Records supplied:
[Start of section]
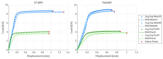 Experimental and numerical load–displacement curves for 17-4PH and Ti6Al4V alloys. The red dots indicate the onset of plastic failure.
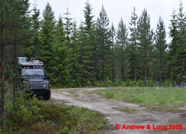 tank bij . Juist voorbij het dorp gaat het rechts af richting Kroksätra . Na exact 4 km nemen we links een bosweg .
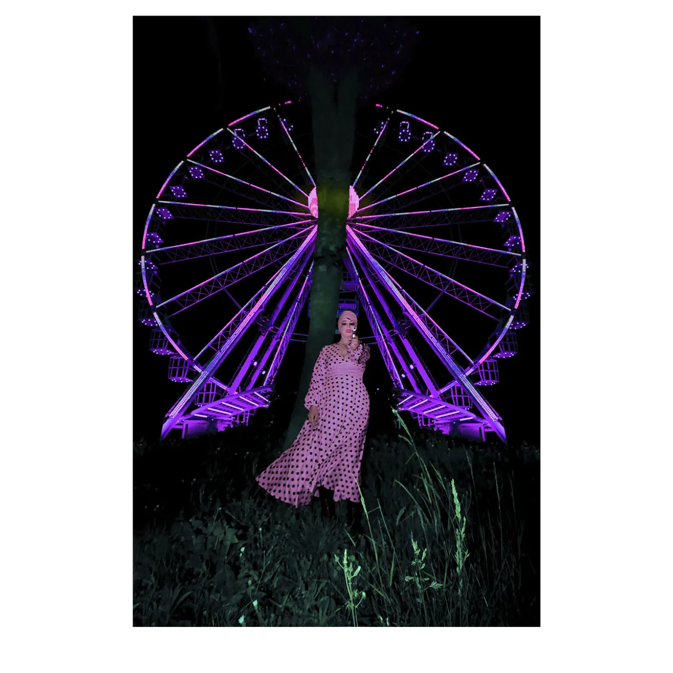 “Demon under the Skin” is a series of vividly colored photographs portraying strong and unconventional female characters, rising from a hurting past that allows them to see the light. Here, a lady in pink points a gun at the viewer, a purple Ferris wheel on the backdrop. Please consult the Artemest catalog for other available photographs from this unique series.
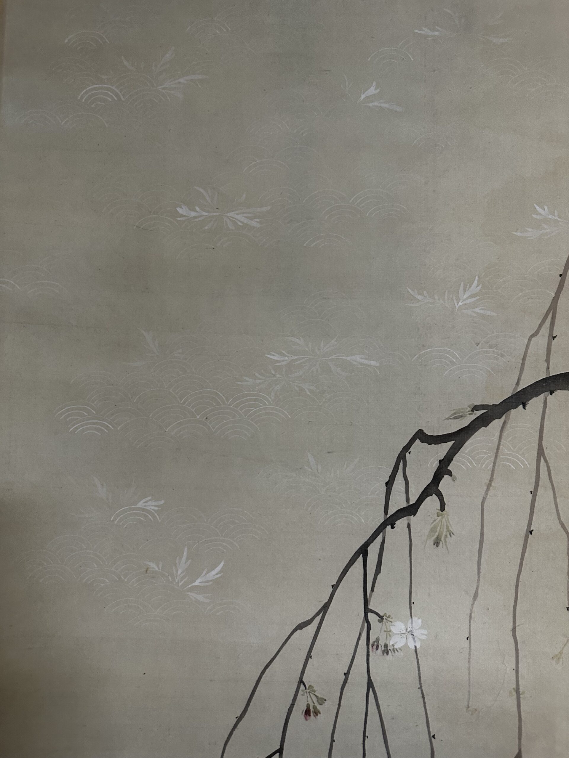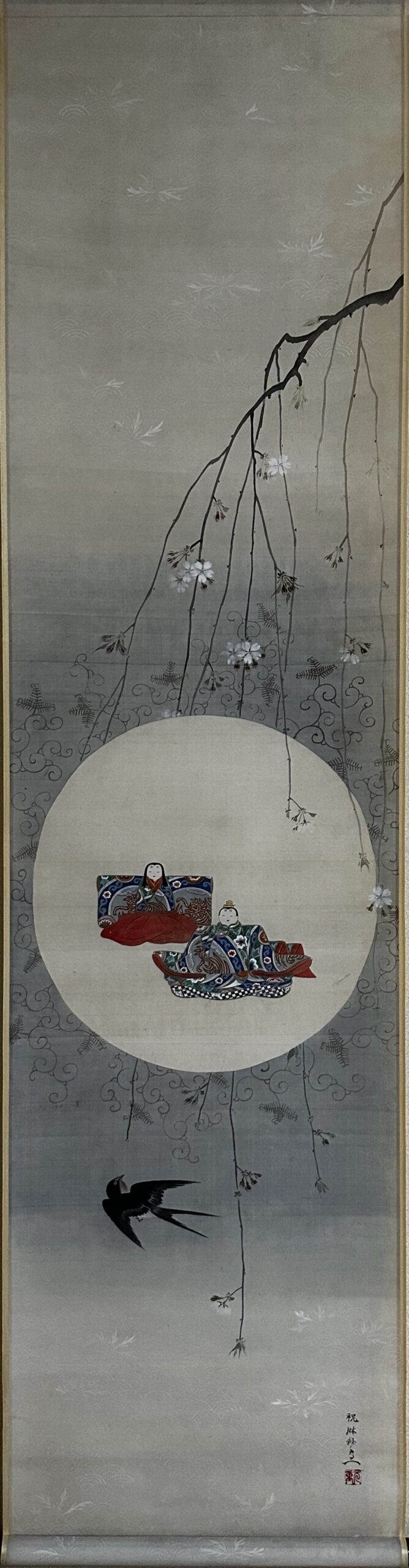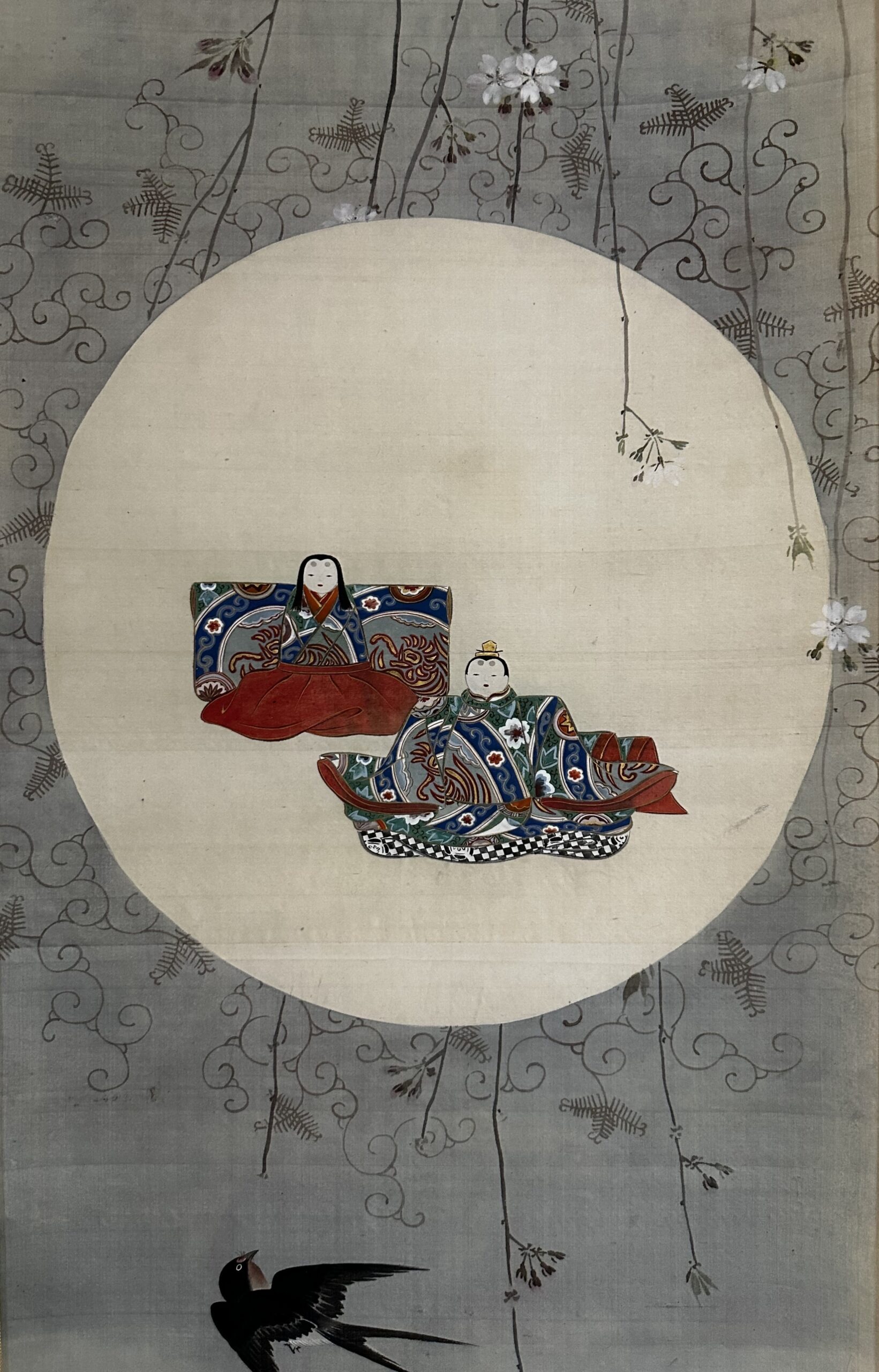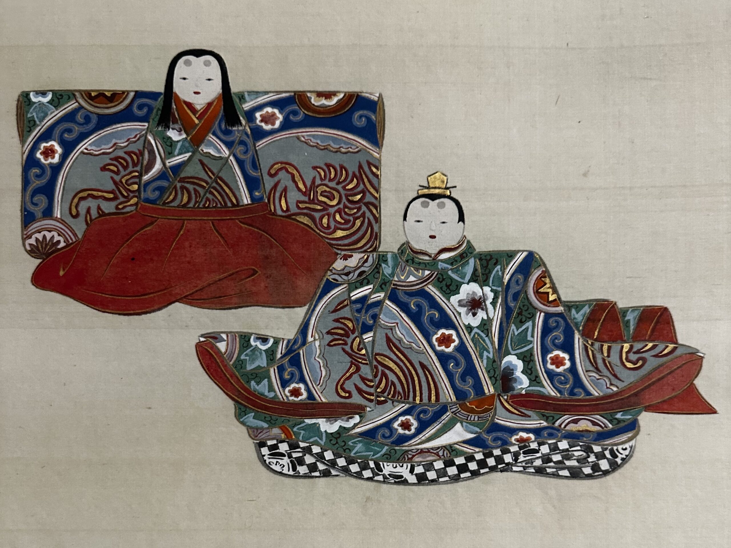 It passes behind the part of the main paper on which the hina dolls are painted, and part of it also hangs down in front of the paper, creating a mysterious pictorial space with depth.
[End of section]
[Start of section]
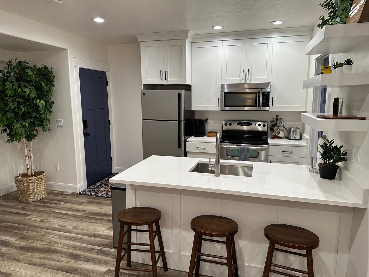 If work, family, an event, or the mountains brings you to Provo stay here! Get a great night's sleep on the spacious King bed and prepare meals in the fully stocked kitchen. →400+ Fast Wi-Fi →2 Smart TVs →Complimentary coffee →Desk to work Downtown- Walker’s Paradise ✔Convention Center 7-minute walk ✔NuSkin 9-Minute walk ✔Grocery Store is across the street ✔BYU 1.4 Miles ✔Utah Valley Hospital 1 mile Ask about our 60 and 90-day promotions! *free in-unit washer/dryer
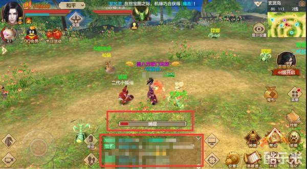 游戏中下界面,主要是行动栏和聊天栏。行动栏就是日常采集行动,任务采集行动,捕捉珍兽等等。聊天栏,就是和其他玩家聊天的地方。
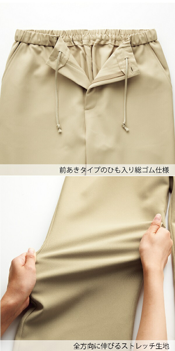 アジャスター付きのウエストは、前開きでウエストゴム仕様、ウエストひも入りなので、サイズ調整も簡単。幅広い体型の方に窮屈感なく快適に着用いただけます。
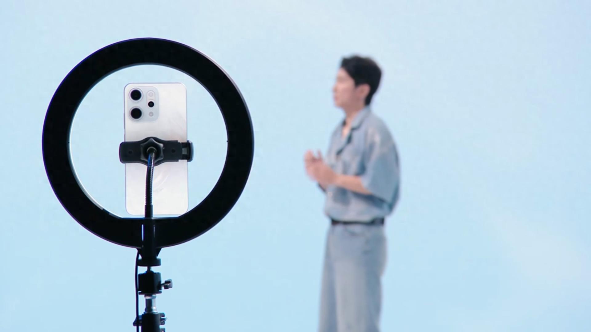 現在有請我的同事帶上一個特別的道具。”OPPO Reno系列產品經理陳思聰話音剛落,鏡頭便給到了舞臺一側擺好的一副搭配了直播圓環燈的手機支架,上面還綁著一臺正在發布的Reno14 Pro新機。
[End of section]
[Start of section]
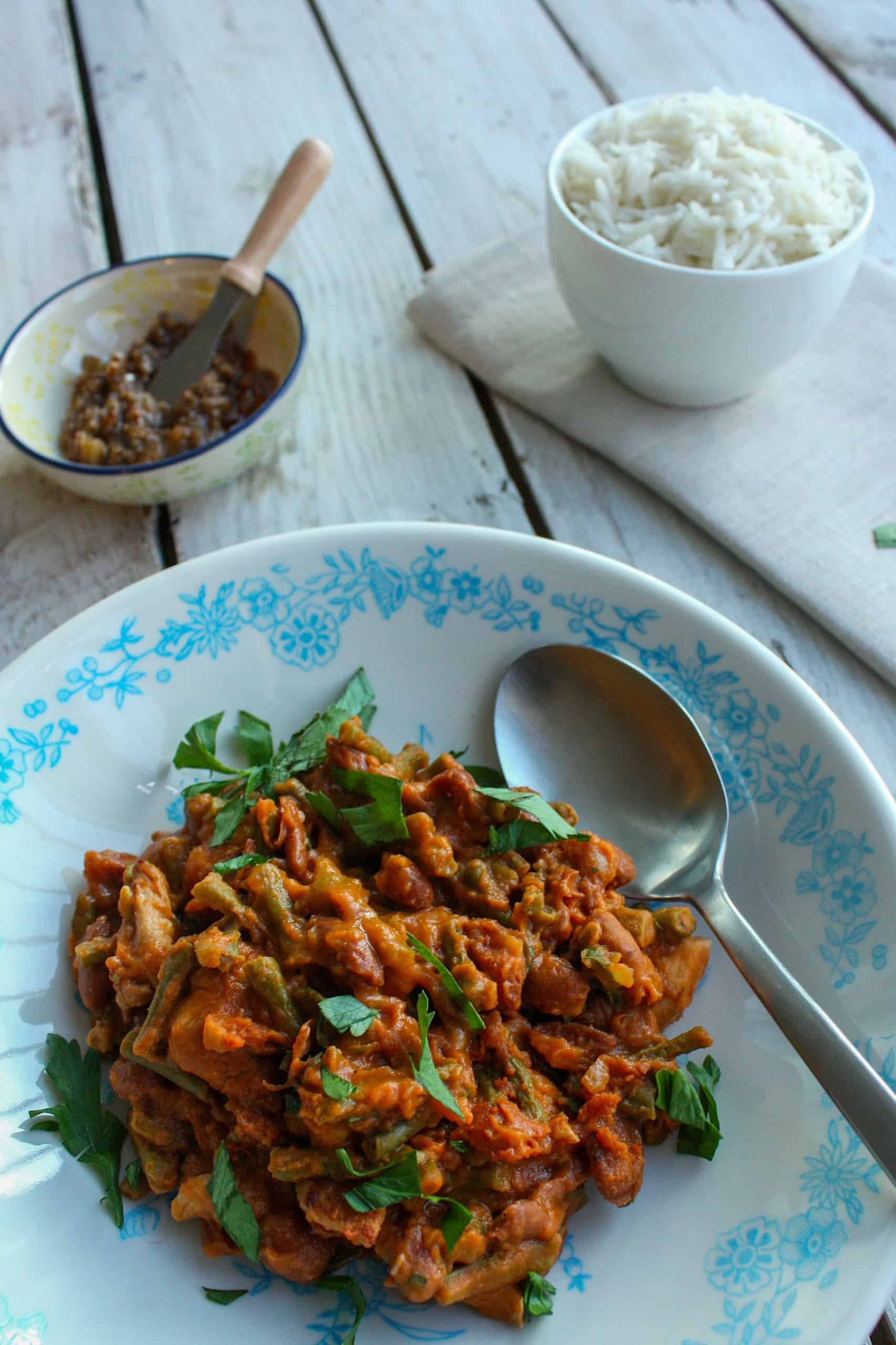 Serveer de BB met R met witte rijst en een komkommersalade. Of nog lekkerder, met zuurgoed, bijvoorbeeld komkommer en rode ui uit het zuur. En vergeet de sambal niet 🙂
[End of section]
Going by the data above, give back only the lines from the one containing "Experimental and numerical" through the one containing "tank bij . Juist", exactly as they stand, both ends included and no images.

 Experimental and numerical load–displacement curves for 17-4PH and Ti6Al4V alloys. The red dots indicate the onset of plastic failure.
 tank bij . Juist voorbij het dorp gaat het rechts af richting Kroksätra . Na exact 4 km nemen we links een bosweg .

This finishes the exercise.